■ WHAT TO PRODUCE ■
For the entries below, return every line from the top through the line with "Межзвёздный объект 3I/ATLAS" exactly as it stands, omitting pictures.

BEGIN DATA SHOWN

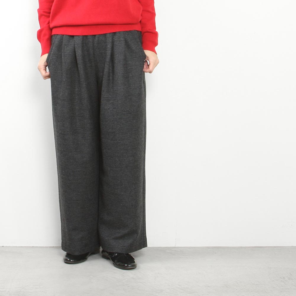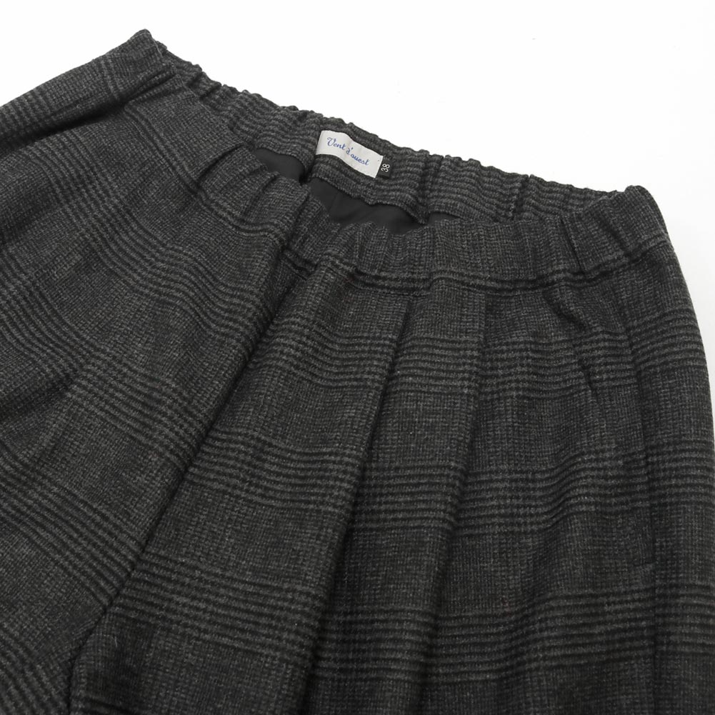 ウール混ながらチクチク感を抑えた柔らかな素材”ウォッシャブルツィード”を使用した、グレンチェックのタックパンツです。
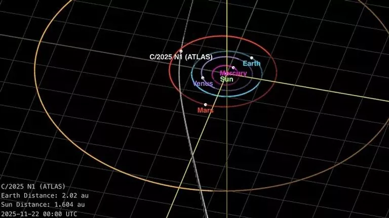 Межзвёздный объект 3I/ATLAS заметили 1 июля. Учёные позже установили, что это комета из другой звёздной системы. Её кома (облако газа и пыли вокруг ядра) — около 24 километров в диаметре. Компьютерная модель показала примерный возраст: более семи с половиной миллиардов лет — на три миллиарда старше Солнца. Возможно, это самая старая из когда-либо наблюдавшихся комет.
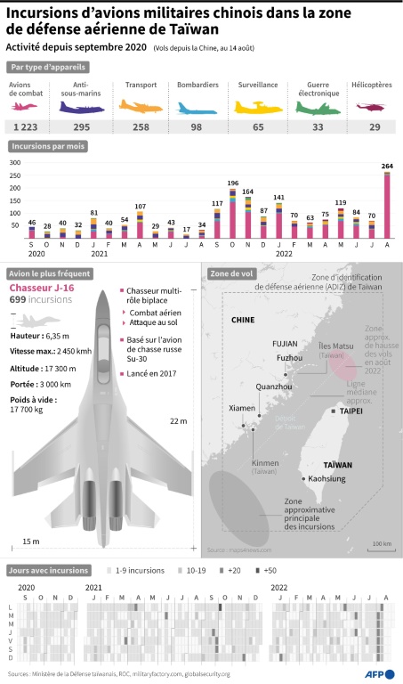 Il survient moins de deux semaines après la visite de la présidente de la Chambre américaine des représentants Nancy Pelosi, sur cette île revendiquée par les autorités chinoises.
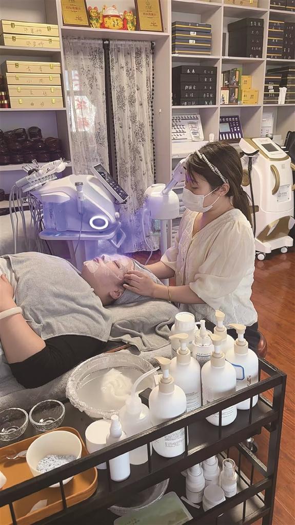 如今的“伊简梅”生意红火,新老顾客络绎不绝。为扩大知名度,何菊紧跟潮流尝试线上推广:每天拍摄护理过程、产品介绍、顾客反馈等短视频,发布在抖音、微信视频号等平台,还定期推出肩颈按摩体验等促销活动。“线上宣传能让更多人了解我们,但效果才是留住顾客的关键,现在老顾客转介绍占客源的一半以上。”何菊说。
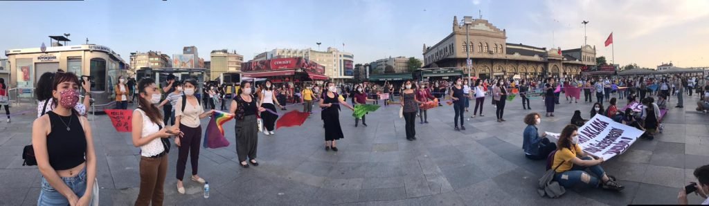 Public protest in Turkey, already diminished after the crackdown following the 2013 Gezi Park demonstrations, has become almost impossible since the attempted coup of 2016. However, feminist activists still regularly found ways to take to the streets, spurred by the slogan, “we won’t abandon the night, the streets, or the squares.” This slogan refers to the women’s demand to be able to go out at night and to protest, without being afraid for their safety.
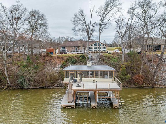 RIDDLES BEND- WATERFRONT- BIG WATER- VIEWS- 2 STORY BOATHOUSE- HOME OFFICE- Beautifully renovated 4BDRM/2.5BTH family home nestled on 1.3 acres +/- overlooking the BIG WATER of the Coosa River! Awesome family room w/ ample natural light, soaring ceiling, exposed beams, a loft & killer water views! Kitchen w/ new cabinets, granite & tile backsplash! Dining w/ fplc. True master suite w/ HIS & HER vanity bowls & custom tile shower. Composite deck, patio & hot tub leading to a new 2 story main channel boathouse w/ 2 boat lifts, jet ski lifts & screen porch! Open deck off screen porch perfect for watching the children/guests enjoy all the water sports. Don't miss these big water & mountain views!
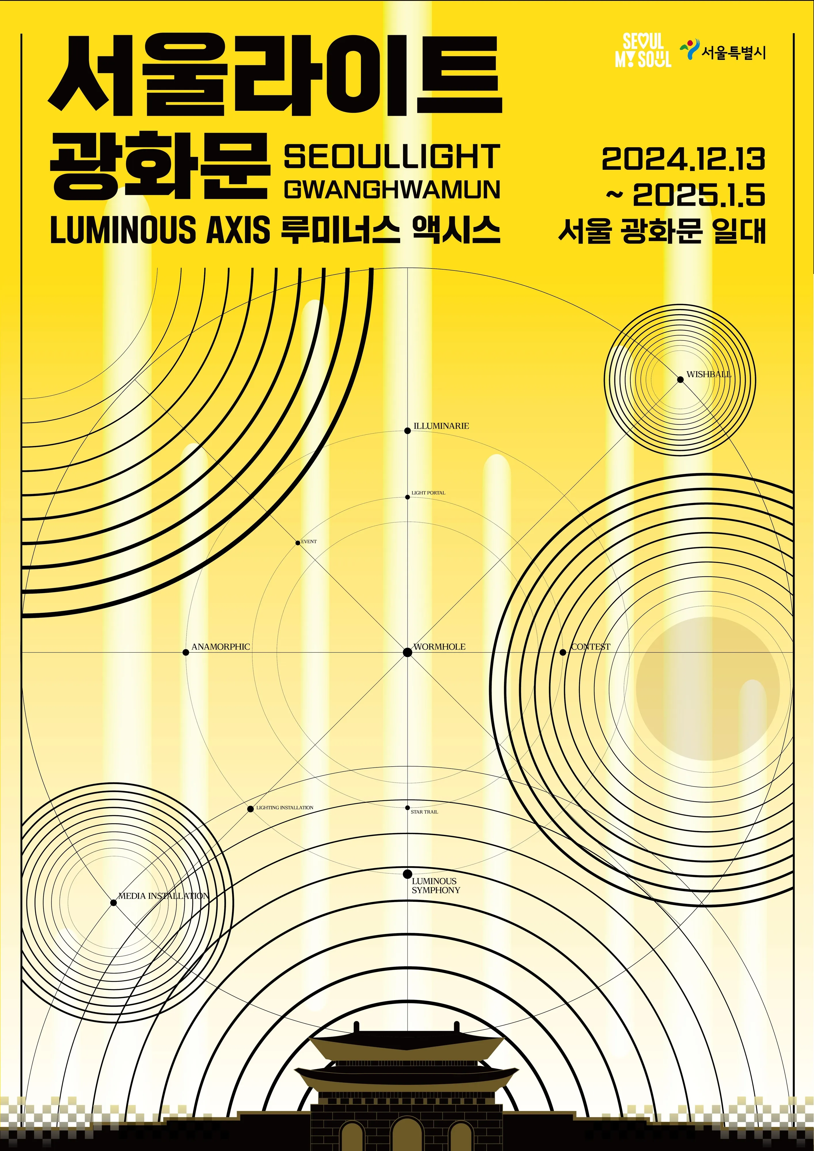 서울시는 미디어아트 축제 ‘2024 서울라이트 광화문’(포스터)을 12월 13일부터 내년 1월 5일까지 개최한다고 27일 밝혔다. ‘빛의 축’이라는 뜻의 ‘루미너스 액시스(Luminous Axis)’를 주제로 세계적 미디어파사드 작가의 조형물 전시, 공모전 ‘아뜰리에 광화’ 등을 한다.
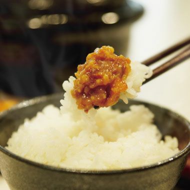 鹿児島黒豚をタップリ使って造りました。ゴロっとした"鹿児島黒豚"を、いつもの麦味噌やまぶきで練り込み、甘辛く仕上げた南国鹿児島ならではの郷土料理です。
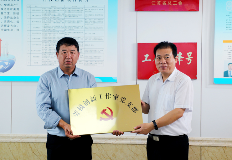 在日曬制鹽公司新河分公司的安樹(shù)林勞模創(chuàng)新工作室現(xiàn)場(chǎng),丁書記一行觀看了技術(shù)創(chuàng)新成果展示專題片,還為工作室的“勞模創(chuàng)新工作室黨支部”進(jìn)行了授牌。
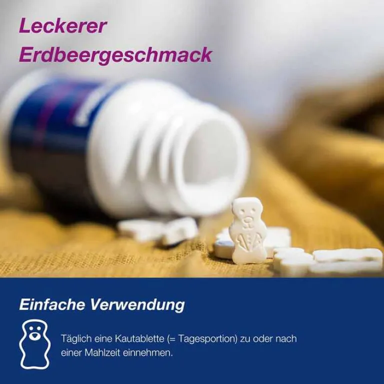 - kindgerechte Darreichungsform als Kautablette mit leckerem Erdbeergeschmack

END DATA SHOWN

■ EXERCISE ANSWER ■
 ウール混ながらチクチク感を抑えた柔らかな素材”ウォッシャブルツィード”を使用した、グレンチェックのタックパンツです。
 Межзвёздный объект 3I/ATLAS заметили 1 июля. Учёные позже установили, что это комета из другой звёздной системы. Её кома (облако газа и пыли вокруг ядра) — около 24 километров в диаметре. Компьютерная модель показала примерный возраст: более семи с половиной миллиардов лет — на три миллиарда старше Солнца. Возможно, это самая старая из когда-либо наблюдавшихся комет.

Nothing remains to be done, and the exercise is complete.